Given material:
--- START ---

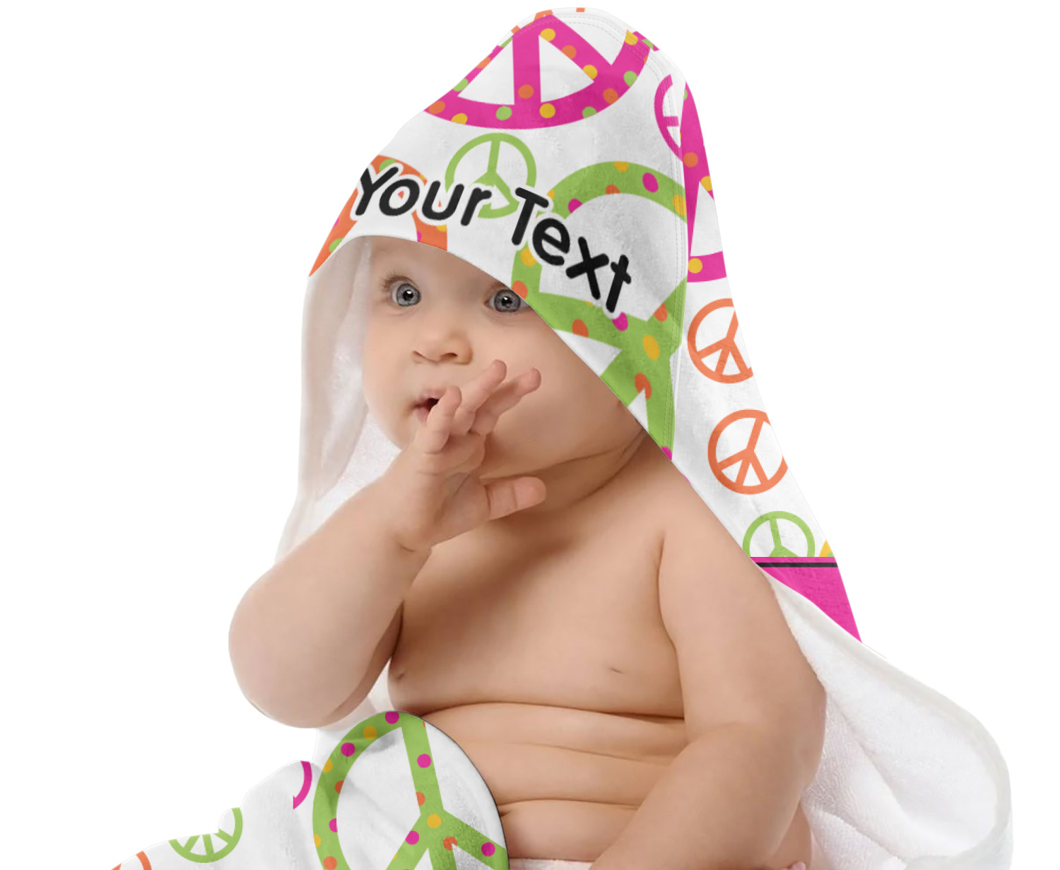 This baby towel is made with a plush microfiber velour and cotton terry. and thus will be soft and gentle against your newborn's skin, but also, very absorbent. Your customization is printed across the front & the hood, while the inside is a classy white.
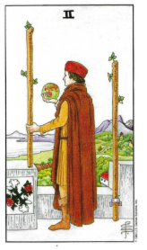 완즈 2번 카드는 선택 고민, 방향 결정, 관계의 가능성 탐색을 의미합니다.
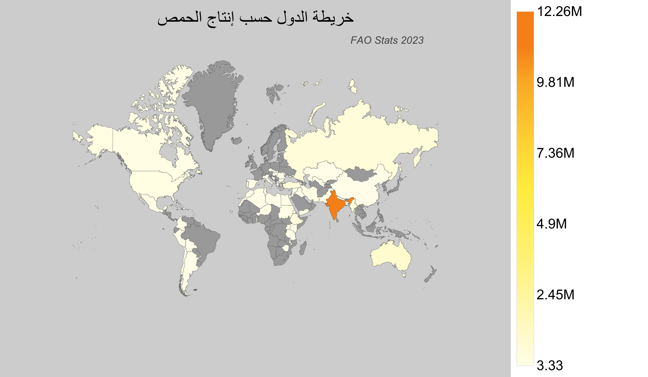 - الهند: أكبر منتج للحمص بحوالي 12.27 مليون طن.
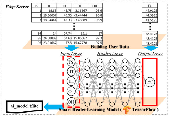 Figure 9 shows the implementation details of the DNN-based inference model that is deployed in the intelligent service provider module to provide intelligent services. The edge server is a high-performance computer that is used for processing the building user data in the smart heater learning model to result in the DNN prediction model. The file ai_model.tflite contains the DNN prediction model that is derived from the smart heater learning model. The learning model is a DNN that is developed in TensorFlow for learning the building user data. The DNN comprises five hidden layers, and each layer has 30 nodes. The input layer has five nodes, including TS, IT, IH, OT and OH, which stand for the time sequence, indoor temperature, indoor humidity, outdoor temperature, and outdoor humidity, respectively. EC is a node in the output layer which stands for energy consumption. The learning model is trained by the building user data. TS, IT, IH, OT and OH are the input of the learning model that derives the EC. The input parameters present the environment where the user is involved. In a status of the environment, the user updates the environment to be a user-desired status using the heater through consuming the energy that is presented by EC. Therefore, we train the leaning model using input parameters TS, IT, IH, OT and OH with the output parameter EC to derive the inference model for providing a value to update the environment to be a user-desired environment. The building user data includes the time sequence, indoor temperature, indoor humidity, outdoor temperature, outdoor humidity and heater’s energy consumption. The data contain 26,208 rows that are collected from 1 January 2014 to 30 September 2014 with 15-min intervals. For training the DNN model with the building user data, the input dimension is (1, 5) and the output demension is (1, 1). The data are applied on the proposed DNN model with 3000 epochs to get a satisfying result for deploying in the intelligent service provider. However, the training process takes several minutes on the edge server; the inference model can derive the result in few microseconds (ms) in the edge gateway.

--- END ---

Without any pictures, reproduce the lines from the first one in the material through the line that has "- الهند: أكبر", exactly as they appear.

 This baby towel is made with a plush microfiber velour and cotton terry. and thus will be soft and gentle against your newborn's skin, but also, very absorbent. Your customization is printed across the front & the hood, while the inside is a classy white.
 완즈 2번 카드는 선택 고민, 방향 결정, 관계의 가능성 탐색을 의미합니다.
 - الهند: أكبر منتج للحمص بحوالي 12.27 مليون طن.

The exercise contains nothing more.